LEXAM - chunhualiao/public-docs GitHub Wiki

The paper didn't "improve the LLM (GPT-4o) itself" in the sense of retraining or fine-tuning the base model. Instead, they meticulously engineered and refined how the LLM (specifically GPT-4o) was used as a judge to make its evaluations align closely with human legal experts.

Here's how they achieved this, as detailed in Section 4.1 (Evaluation Metric for Open Questions) and validated in Section 6:

Specialized Prompt Engineering by Legal Experts:

Two of the paper's authors, both with formal doctoral-level legal training, drafted a highly specialized "judging prompt." This prompt was designed specifically for evaluating Swiss law school exam answers, instructing the LLM on how to assess accuracy, completeness, and legal reasoning. (The prompt itself is shown in Appendix E.2).
The prompt guided the LLM on aspects like:
- Focusing on accuracy, completeness, and legal reasoning.
- How to handle deviations or additional elements not in the reference answer (penalizing incorrect ones, not penalizing legally sound unmentioned ones).
- Assuming the reference answer is complete.
- How to proportionally score answers if reference answers have sub-points.
- The precise format for the output (Explanation, Constructive Feedback, Correctness Score).

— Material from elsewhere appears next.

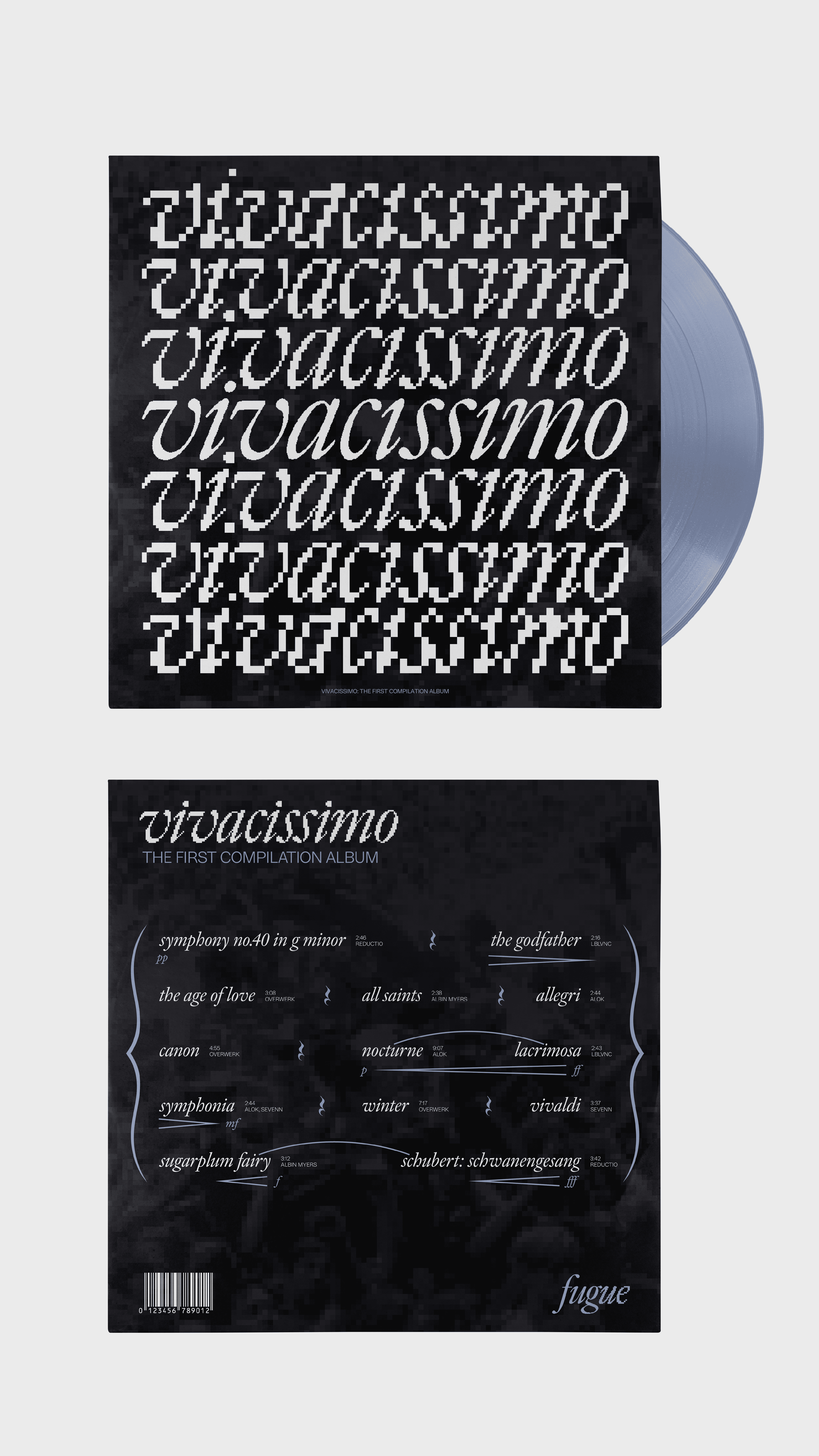 Fugue is a record label that represents a unique subgenre of EDM– techno remixes of classical pieces. I used these two distinct aesthetics to inform the brand visuals.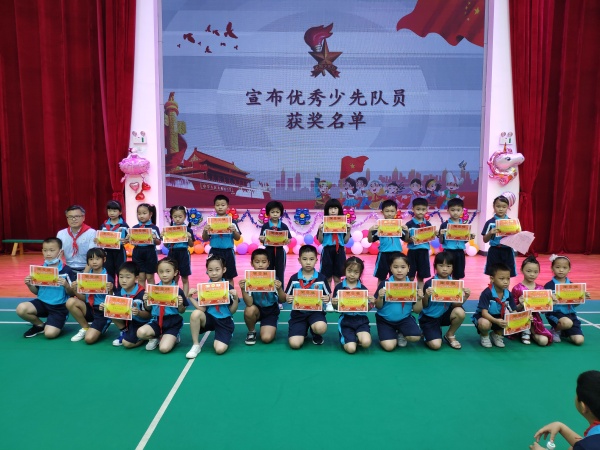 上午10点,全校师生在体育馆开展“迎接少代会、争做好队员”“六一”主题教育活动。活动中,队员们汇报了“广东红领巾致敬逆行先锋”活动成果,有的队员表演了《预防病毒拍手歌》,有的队员展示了“同心战疫”绘画作品,接着进行了最激动人心的“抗疫小卫士章” 颁章活动以及同学们期待已久的“六一”文艺汇演。

Iterative Optimization through a Pilot Study:

The legal experts conducted a pilot study to iteratively optimize this specialized prompt. They used GPT-4o (the chosen LLM judge) with the draft prompt to evaluate a diverse sample of courses.
They refined the prompt based on GPT-4o's performance until they (the human legal experts) were satisfied with the judging performance.
A key challenge during this phase was calibrating penalties, especially for cases where the LLM's answer introduced plausible but incorrect information not found in the reference answer. This iterative process allowed them to fine-tune the instructions within the prompt to handle such nuances.

Rigorous Validation with Human Experts:

After developing the LLM judge (GPT-4o + optimized prompt), they conducted a rigorous validation process described in Section 6.
Three human legal experts independently annotated 50 question-answer pairs.
They then used the Alternative Annotator Test (AAT) to compare the LLM judge's evaluations against the human experts' evaluations.
The results (Table 4) showed that their GPT-4o judge significantly matched or exceeded the agreement levels of two out of the three human experts, even under the strictest criteria (ε = 0, meaning no "bonus" for being close). The LLM judge achieved a winning rate (ω) of 0.67.

In Essence, the "Improvement" Came From:

Leveraging deep legal domain expertise to craft a highly specific and nuanced set of instructions (the prompt).
Iteratively refining these instructions based on observed performance in a pilot study.

This careful prompt engineering and refinement process made the pre-existing GPT-4o model behave like a reliable legal expert for the specific task of evaluating exam answers within the LEXAM benchmark.

They made the application of the LLM as a judge highly effective, rather than altering the underlying LLM.